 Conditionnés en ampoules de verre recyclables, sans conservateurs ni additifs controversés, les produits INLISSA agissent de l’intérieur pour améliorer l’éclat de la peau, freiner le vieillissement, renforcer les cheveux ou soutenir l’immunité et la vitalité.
...
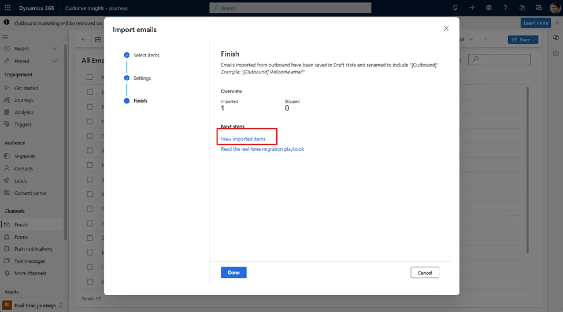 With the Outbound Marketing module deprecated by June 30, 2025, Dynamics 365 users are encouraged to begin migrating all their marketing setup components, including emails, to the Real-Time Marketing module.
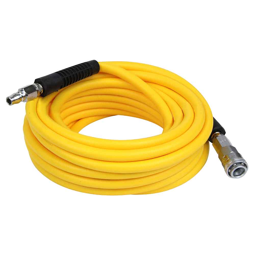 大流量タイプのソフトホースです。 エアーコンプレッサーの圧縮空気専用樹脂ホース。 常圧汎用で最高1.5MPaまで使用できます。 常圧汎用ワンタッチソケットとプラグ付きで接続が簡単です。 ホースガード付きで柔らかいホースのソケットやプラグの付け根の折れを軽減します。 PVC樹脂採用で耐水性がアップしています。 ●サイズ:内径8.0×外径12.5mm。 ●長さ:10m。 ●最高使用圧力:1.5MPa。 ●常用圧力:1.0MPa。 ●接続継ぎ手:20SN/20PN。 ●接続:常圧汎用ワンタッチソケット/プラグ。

Exercise objective: Each line above that falls between the line with "With the Outbound" and the line with "大流量タイプのソフトホースです。 エアーコンプレッサーの圧縮空気専用樹脂ホース。 常圧汎用で最高1.5MPaまで使用できます。" should be printed exactly, together with those two lines, but the pictures should not.

Exercise answer:
 With the Outbound Marketing module deprecated by June 30, 2025, Dynamics 365 users are encouraged to begin migrating all their marketing setup components, including emails, to the Real-Time Marketing module.
 大流量タイプのソフトホースです。 エアーコンプレッサーの圧縮空気専用樹脂ホース。 常圧汎用で最高1.5MPaまで使用できます。 常圧汎用ワンタッチソケットとプラグ付きで接続が簡単です。 ホースガード付きで柔らかいホースのソケットやプラグの付け根の折れを軽減します。 PVC樹脂採用で耐水性がアップしています。 ●サイズ:内径8.0×外径12.5mm。 ●長さ:10m。 ●最高使用圧力:1.5MPa。 ●常用圧力:1.0MPa。 ●接続継ぎ手:20SN/20PN。 ●接続:常圧汎用ワンタッチソケット/プラグ。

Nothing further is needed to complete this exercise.